Not at all. Like Geoff, I just think that the socio political part of the game could use a bit more attention. If you think how complex the tech / ship design/ combat sections of most space 4X's are and then compare them to the diplomacy / internal politics / culture parts it's kind of sad. I can see the latter category being much more involving that it usually is.
I most definitely concur! ^_^
Previously I've never been interested in the spying aspect of the game. I used diplomacy only to limit the number of enemies to a manageable number. Games that increase the necessity of those aspects of the game without making them enjoyable and involving just get on my nerves. I end up getting so frustrated. Especially when the "secret to victory" is taking advantage of the boring, simplistic aspects of the game.
I think one thing we have to remember is that we're competing with the visual satisfaction of watching your ships blow the other ships to bits. It shouldn't be a matter of controlling costs -- it should be a constant tug of war. We need ground
to move on.
oh? Surely a small tightly-contained entity is much more efficient than a hulking behemoth? Organizational principles can be applied to limit the increasing inefficiency, but the only real defense is partitionining the enterprise, be it an icecream shop or interstellar empire, into highly autonomous chunks.
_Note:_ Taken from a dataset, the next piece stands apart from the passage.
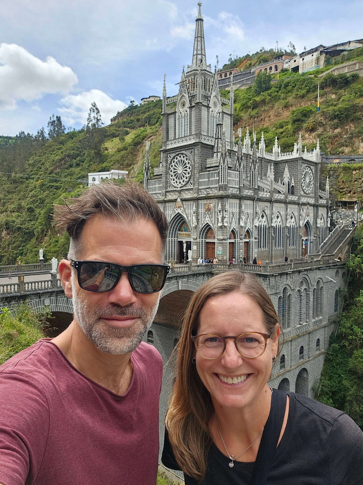 In Las Lajas steht eine an den Berg gebaute Kirche. Nach einer Stunde hat man diese normal gesehen. Wir treffen aber auf ein supernettes Ecuadorianisches Pärchen die uns gar nicht mehr weiter lassen wollen. Sie geben uns ganz viele Tipps was wir alles in Ecuador unternehmen können. Sie sind hier wegen des Geburtstages von Louis. Seit Jahren kommt er an jedem Geburtstag zur Kirche und macht immer das gleiche Foto von sich selbst. Irgendwie herzig.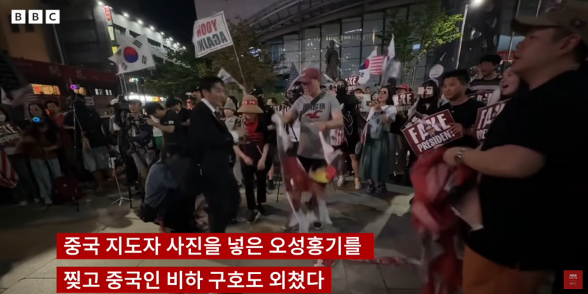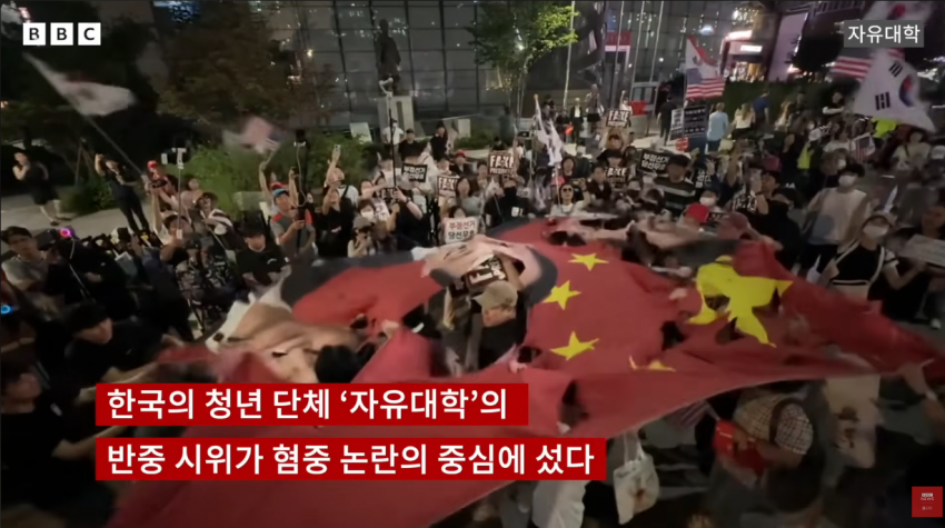 미국 국기찢고 트럼프 얼굴찢는건 무죄중국 국기찢고 핑핑이 얼굴찢는건 유죄

Tell that to McDonalds. From the realism VP, large organisations are able to mass-produce their products -- and when it comes to administrative costs -- a "size 10" organisation pays considerably less than two "size 5" organisations. The main problem comes from "breakaways", which in McDonald's case is controlled by its franchise nature -- it's a lot of small businesses cashing in on the efficiency of a centralised, established system. (A nation-level organisation similar to the franchise might be the European Union.)
I'm sorry, there's a lot of information in this thread and I'm still trying to digest it all. I'll have to come back later so I can work out what I like/dislike about solidcordon's model.